TASK GOAL: Pictures aside, repeat every record below exactly.

ENTRIES PROVIDED below:

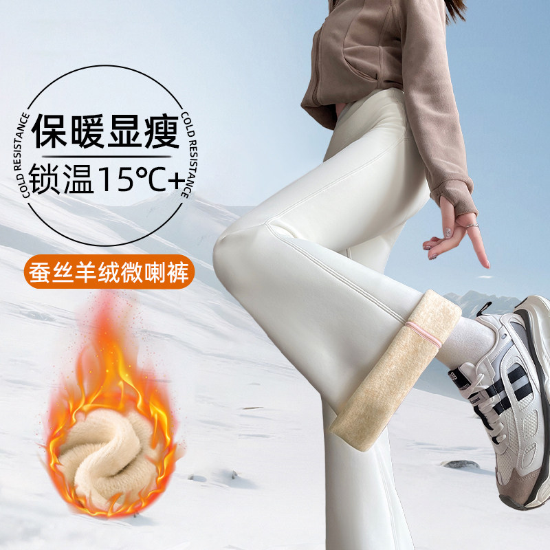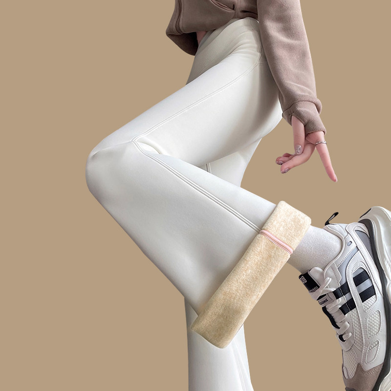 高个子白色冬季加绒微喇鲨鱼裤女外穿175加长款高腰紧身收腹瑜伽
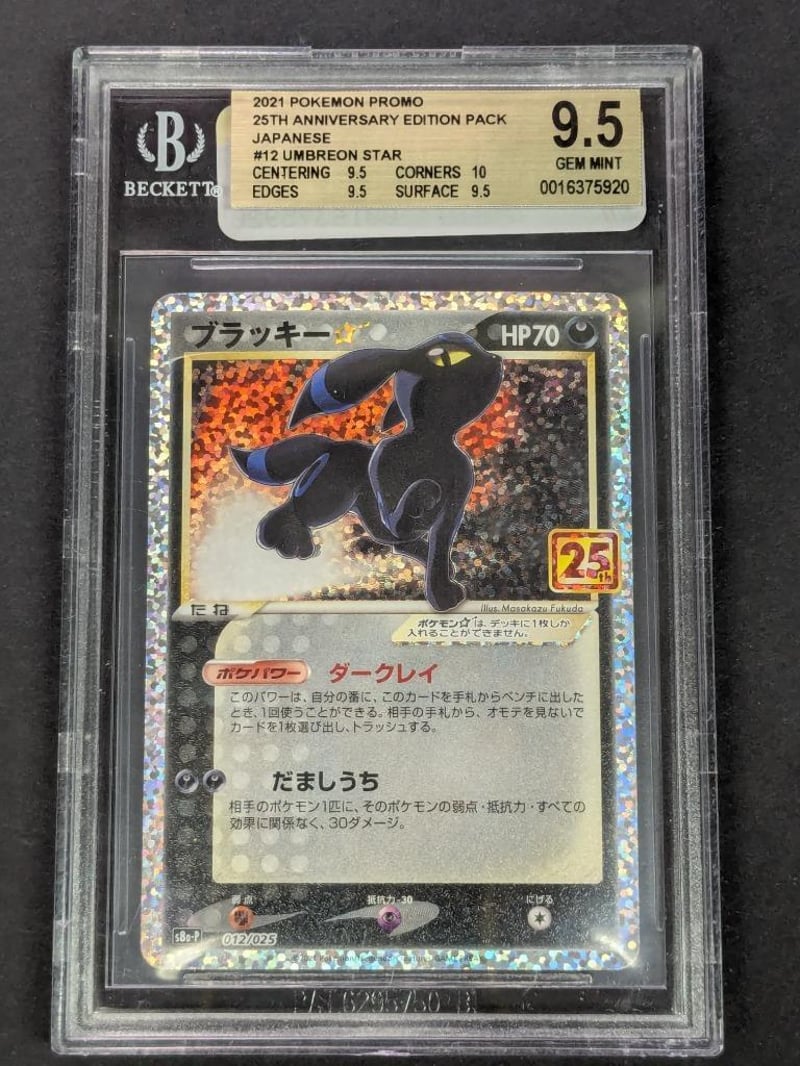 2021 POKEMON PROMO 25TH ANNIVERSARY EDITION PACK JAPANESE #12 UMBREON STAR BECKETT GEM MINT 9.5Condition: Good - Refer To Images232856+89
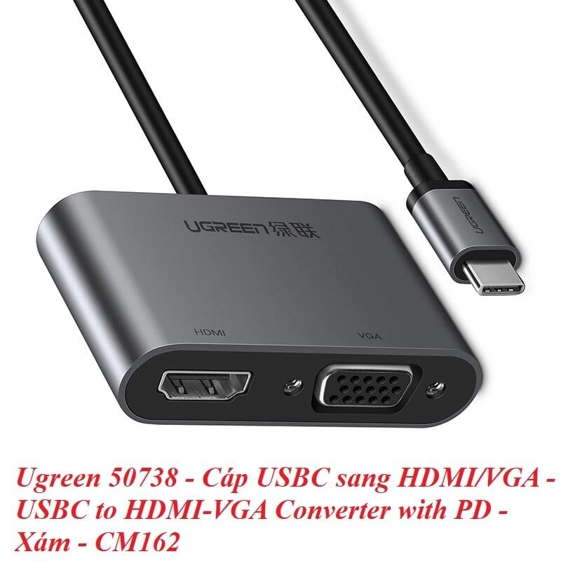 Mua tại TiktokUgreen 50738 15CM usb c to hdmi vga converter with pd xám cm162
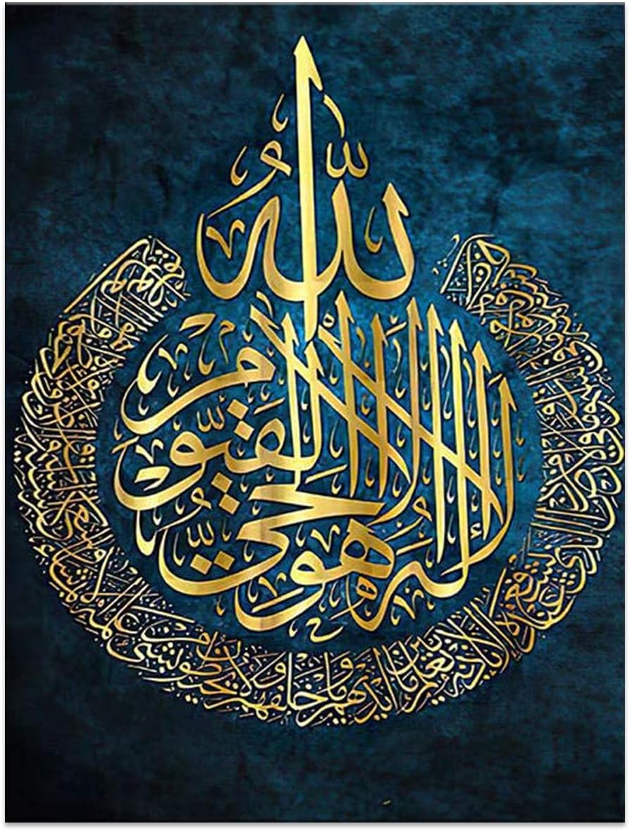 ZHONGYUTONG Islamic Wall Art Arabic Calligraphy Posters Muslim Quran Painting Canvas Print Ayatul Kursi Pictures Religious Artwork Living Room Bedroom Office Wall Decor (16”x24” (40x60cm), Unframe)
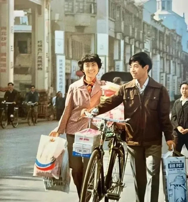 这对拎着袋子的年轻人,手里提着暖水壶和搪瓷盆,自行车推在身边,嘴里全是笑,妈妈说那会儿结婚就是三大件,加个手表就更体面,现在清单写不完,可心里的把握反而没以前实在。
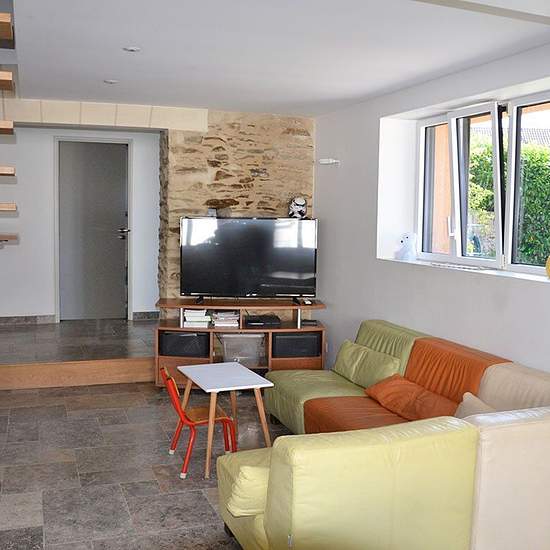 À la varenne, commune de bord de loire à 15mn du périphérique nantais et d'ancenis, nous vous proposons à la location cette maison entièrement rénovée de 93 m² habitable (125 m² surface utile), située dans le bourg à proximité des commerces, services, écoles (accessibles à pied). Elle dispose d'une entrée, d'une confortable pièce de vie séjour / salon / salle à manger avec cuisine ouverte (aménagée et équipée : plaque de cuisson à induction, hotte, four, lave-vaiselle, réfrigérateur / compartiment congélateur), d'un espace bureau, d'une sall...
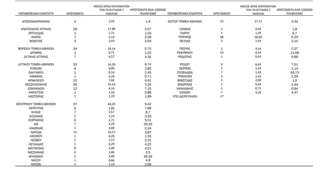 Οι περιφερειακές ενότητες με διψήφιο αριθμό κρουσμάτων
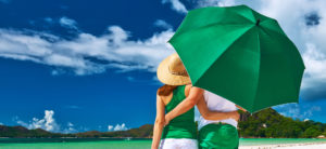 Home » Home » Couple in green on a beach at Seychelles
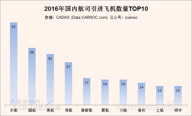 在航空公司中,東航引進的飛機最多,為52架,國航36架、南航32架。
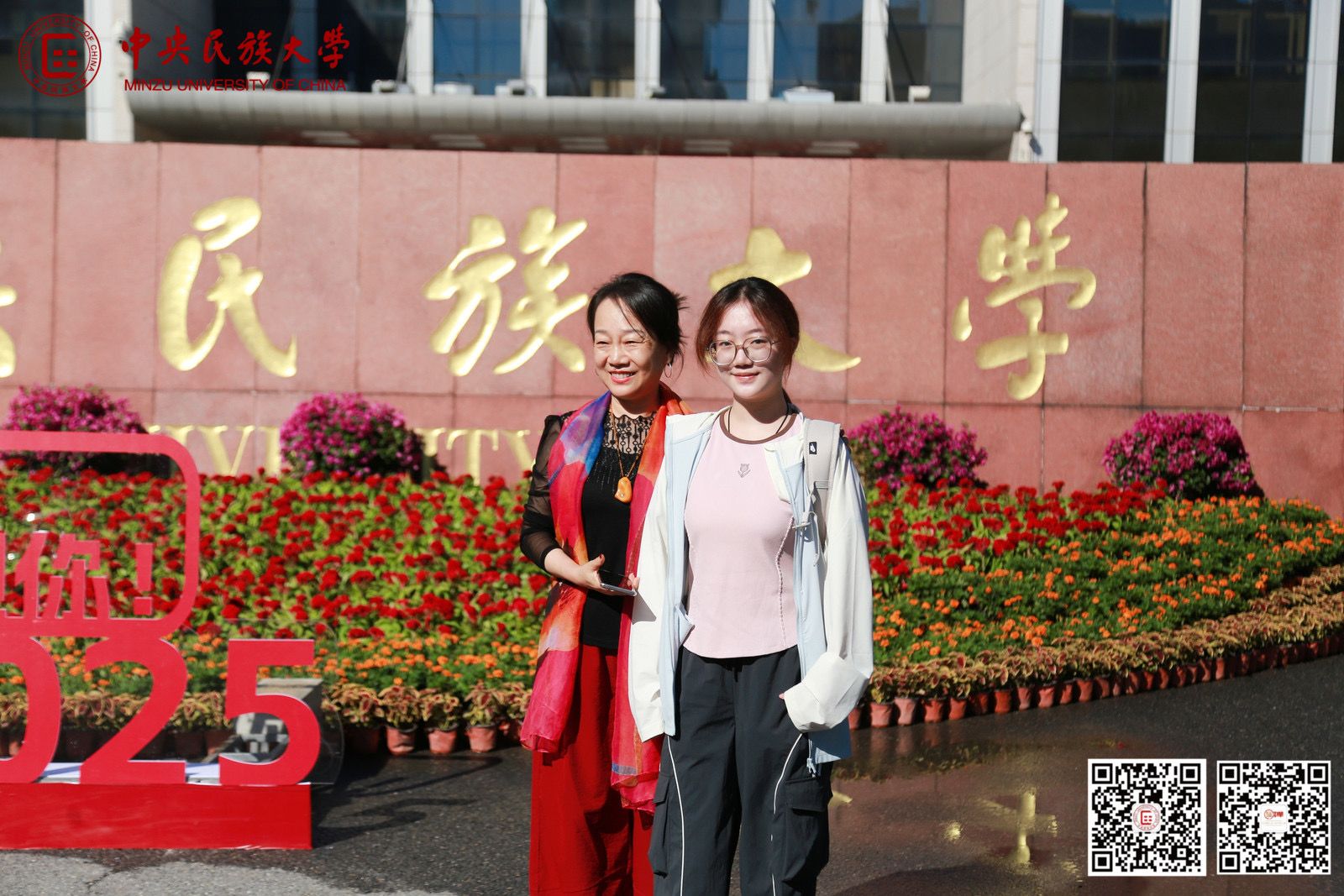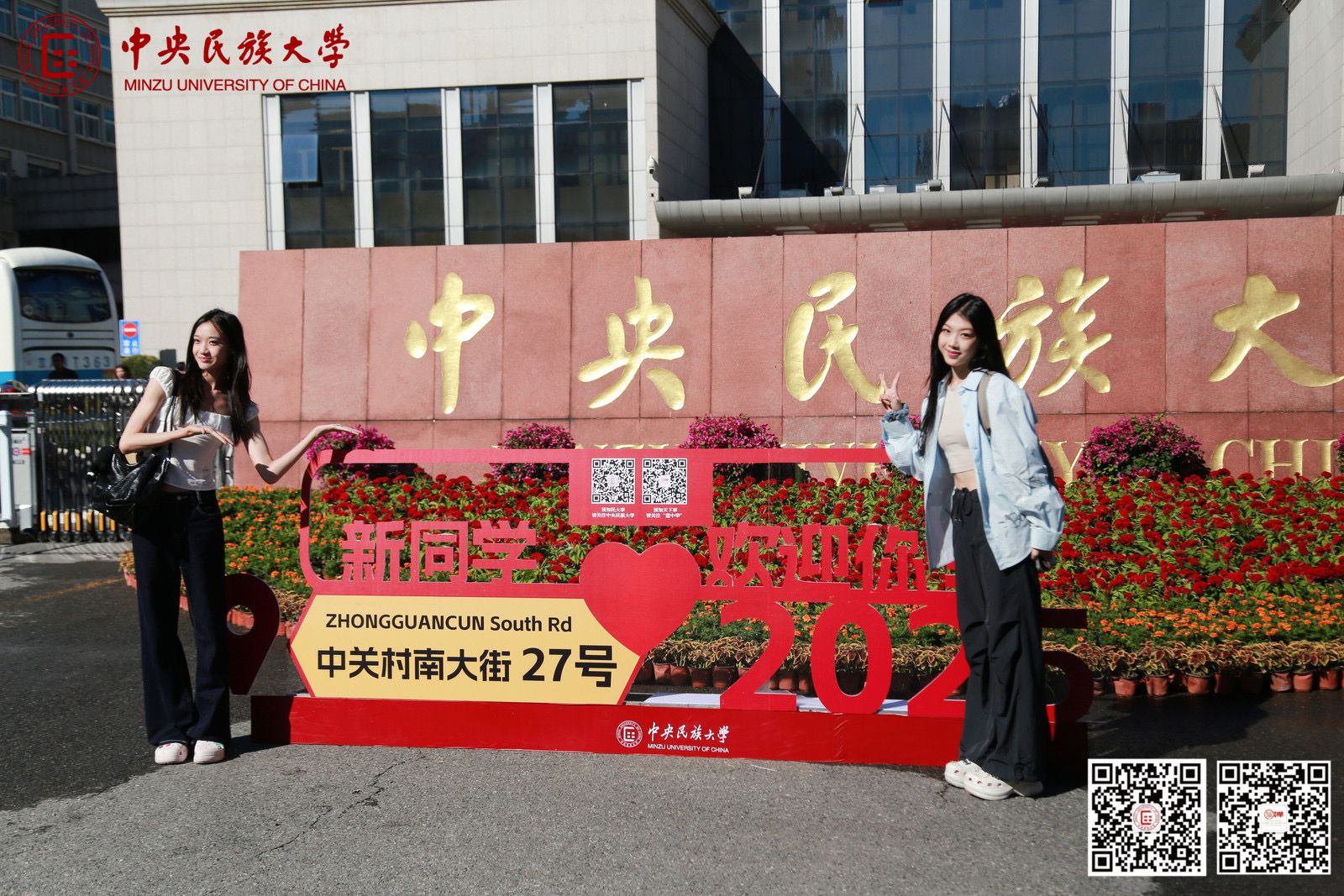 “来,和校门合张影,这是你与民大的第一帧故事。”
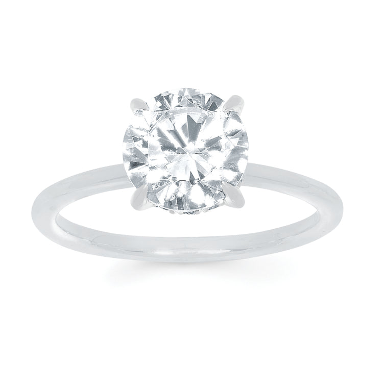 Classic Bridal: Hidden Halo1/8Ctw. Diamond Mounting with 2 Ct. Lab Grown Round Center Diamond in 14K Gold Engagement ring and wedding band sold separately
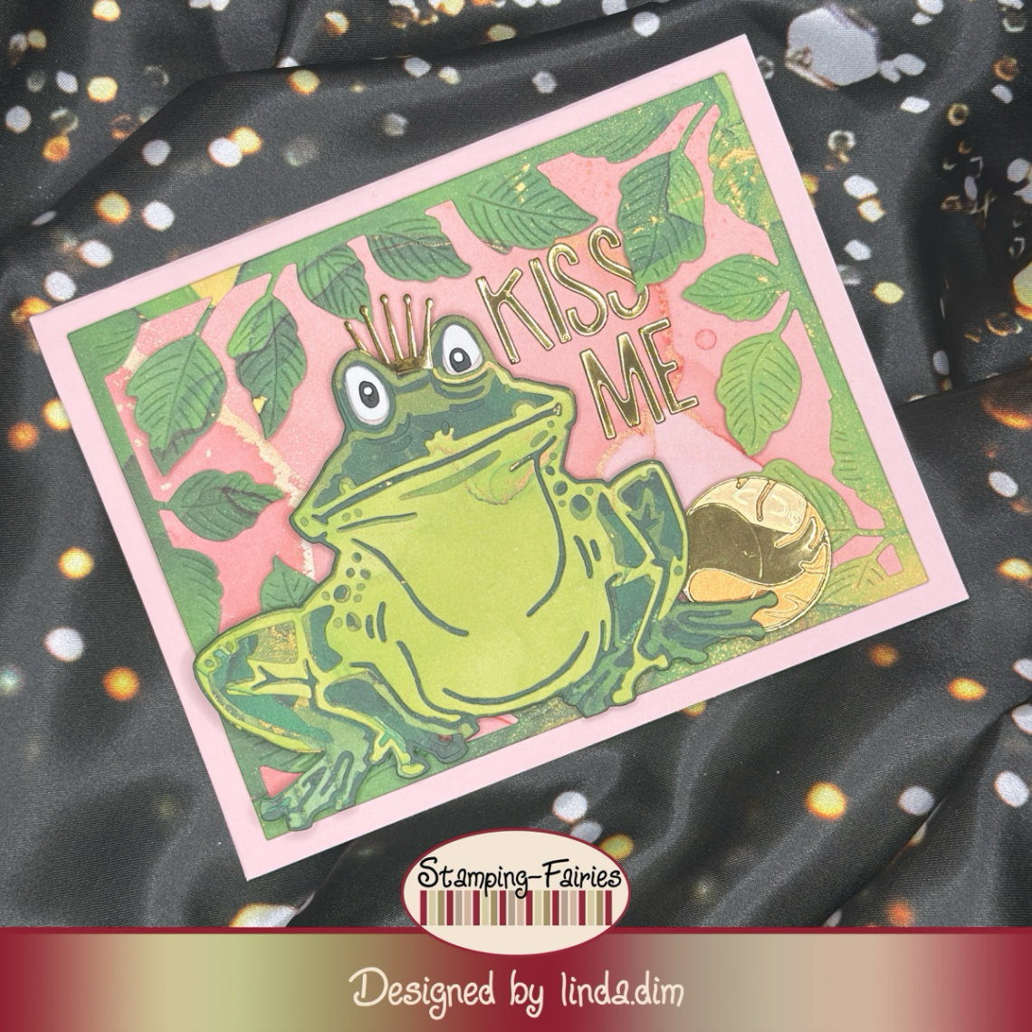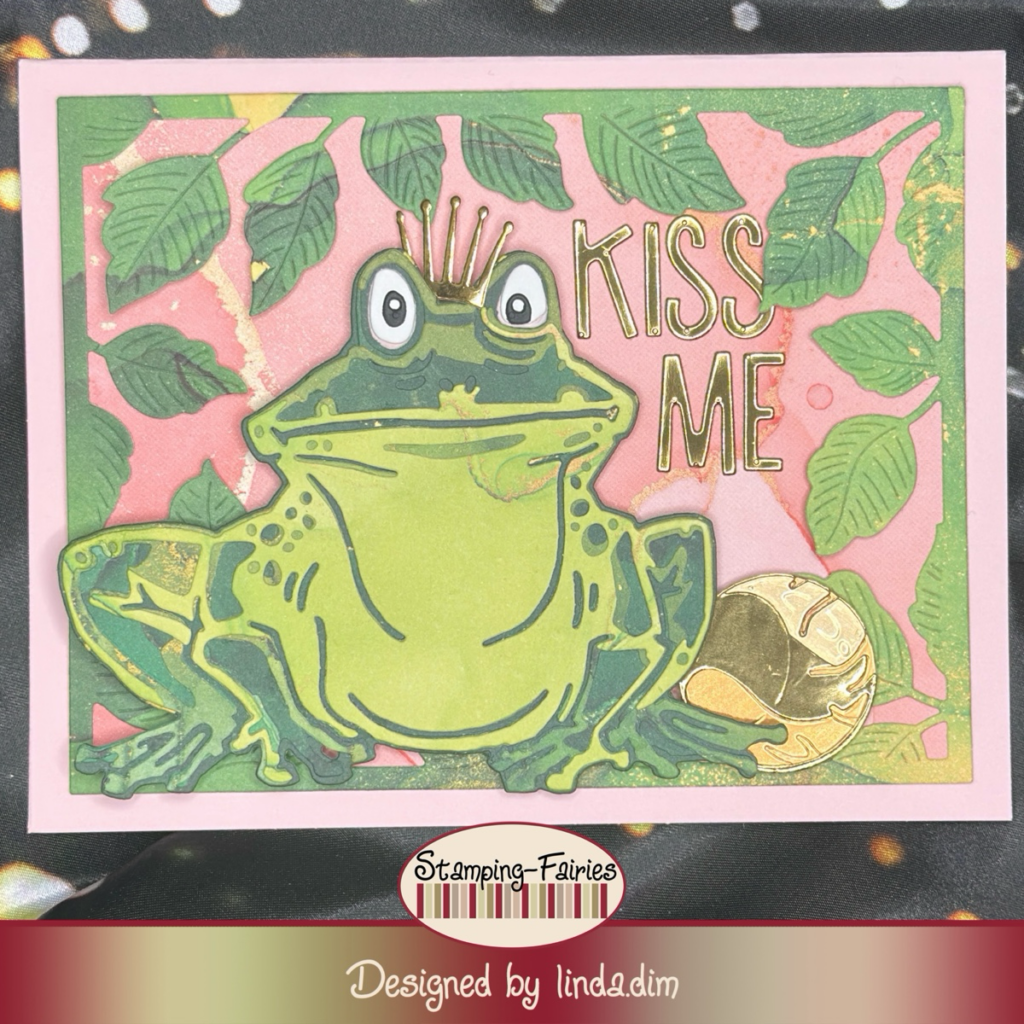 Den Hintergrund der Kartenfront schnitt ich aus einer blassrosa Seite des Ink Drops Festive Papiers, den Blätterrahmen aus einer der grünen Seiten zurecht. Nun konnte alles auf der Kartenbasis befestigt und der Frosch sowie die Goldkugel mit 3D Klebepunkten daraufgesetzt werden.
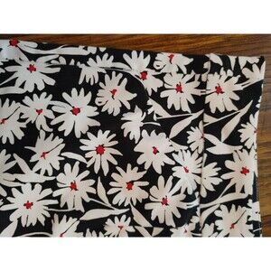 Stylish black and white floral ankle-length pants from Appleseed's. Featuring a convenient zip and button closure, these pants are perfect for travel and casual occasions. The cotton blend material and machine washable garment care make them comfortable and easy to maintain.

End of ENTRIES PROVIDED.

SOLUTION TO THIS EXERCISE:
 高个子白色冬季加绒微喇鲨鱼裤女外穿175加长款高腰紧身收腹瑜伽
 2021 POKEMON PROMO 25TH ANNIVERSARY EDITION PACK JAPANESE #12 UMBREON STAR BECKETT GEM MINT 9.5Condition: Good - Refer To Images232856+89
 Mua tại TiktokUgreen 50738 15CM usb c to hdmi vga converter with pd xám cm162
 ZHONGYUTONG Islamic Wall Art Arabic Calligraphy Posters Muslim Quran Painting Canvas Print Ayatul Kursi Pictures Religious Artwork Living Room Bedroom Office Wall Decor (16”x24” (40x60cm), Unframe)
 这对拎着袋子的年轻人,手里提着暖水壶和搪瓷盆,自行车推在身边,嘴里全是笑,妈妈说那会儿结婚就是三大件,加个手表就更体面,现在清单写不完,可心里的把握反而没以前实在。
 À la varenne, commune de bord de loire à 15mn du périphérique nantais et d'ancenis, nous vous proposons à la location cette maison entièrement rénovée de 93 m² habitable (125 m² surface utile), située dans le bourg à proximité des commerces, services, écoles (accessibles à pied). Elle dispose d'une entrée, d'une confortable pièce de vie séjour / salon / salle à manger avec cuisine ouverte (aménagée et équipée : plaque de cuisson à induction, hotte, four, lave-vaiselle, réfrigérateur / compartiment congélateur), d'un espace bureau, d'une sall...
 Οι περιφερειακές ενότητες με διψήφιο αριθμό κρουσμάτων
 Home » Home » Couple in green on a beach at Seychelles
 在航空公司中,東航引進的飛機最多,為52架,國航36架、南航32架。
 “来,和校门合张影,这是你与民大的第一帧故事。”
 Classic Bridal: Hidden Halo1/8Ctw. Diamond Mounting with 2 Ct. Lab Grown Round Center Diamond in 14K Gold Engagement ring and wedding band sold separately
 Den Hintergrund der Kartenfront schnitt ich aus einer blassrosa Seite des Ink Drops Festive Papiers, den Blätterrahmen aus einer der grünen Seiten zurecht. Nun konnte alles auf der Kartenbasis befestigt und der Frosch sowie die Goldkugel mit 3D Klebepunkten daraufgesetzt werden.
 Stylish black and white floral ankle-length pants from Appleseed's. Featuring a convenient zip and button closure, these pants are perfect for travel and casual occasions. The cotton blend material and machine washable garment care make them comfortable and easy to maintain.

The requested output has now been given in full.